Хорошо умереть так, как летом 1918 года умер пути-ловский рабочий Вавилов, командир броневика при штабе моей партизанской армии. В то лето в сибирской степи все хорошо росло. Рощи пышно зеленели огромными зелеными купами. Море тяжелых колосьев колыхалось волнами на нивах вдоль железной дороги, где мы воевали. Нам было жаль отдать белым эту цветущую землю. Мы дрались как безумные. Мы дрались за лучшую, более легкую жизнь для того крестьянина, который, поглаживая колосья, равнодушно, пожалуй, скорее враждебно, следил за огромными одуванчиками-шрапнелями, летавшими вдоль железной дороги. Охрипшие пулеметы лаяли тоже только у железной дороги. В степи же стояла тупая, равнодушная тишина.
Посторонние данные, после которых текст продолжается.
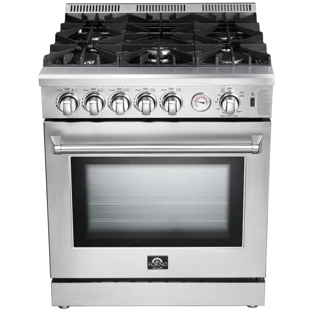 This 30-inch Forno gas range features Convection Technology, 5 cooktop burners, cast-iron grates and a total oven capacity of 4.23 cu.ft.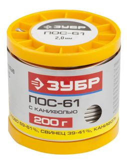 Припой ЗУБР, ПОС 61, трубка с канифолью, 200г, 2мм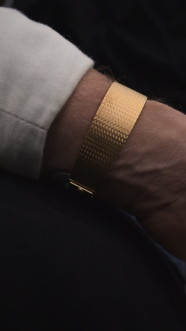 This Piaget took our breath at first sight. These geometric forms combined with the forged 18k yellow gold bracelet, Lapislazuli dial, alpha handset and classic Piaget logo are true art.Launched in 1957, the 9P caliber...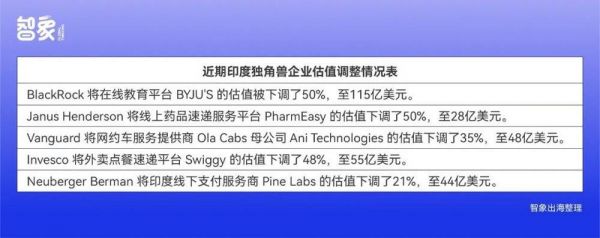 继在线教育平台BYJU'S市值对半蒸发以来,印度线上药品速递服务平台PharmEasy、印度外卖点餐速递平台Swiggy、印度线下支付服务商Pine Labs等多家独角兽企业,市值大幅缩减。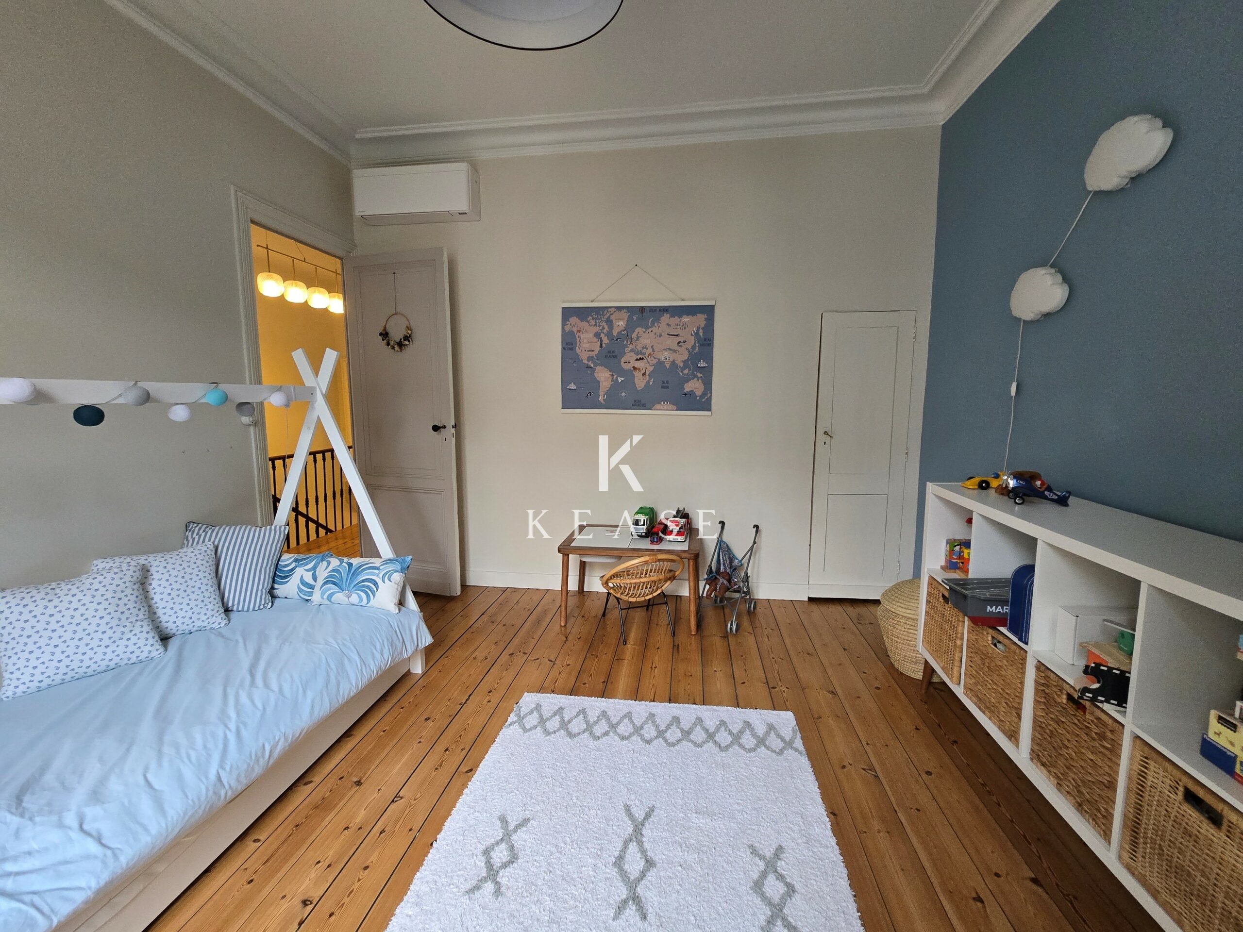 Au second étage, vous trouverez également deux chambres, une salle d’eau et un palier pouvant faire office d’espace jeux ou de bureau supplémentaire.

Мы кричали в степь: «Приходите!» Нам отвечало из зелени рощ лишь равнодушное эхо.
Вавилов умер в станции Вагай. Вероятно, эту станцию не переименуют в память о нем, но я, глядя на карту Сибири, называю ее «Вавиловкой».
Белые зашли к нам в тыл. Станция осталась бы без охраны, если бы туда не подоспел Вавилов со своим броневиком. Целый час курсировал броневик у станции, выслеживая белых. Целый час пулеметный вихрь рвал слабеющие цепи белых. Мы подходили к станции, когда бой смолк, непонятный для нас в то мгновение, но шум его придавал нам особую бодрость, звал вперед. Мы бежали и прислушивались: бой все шел.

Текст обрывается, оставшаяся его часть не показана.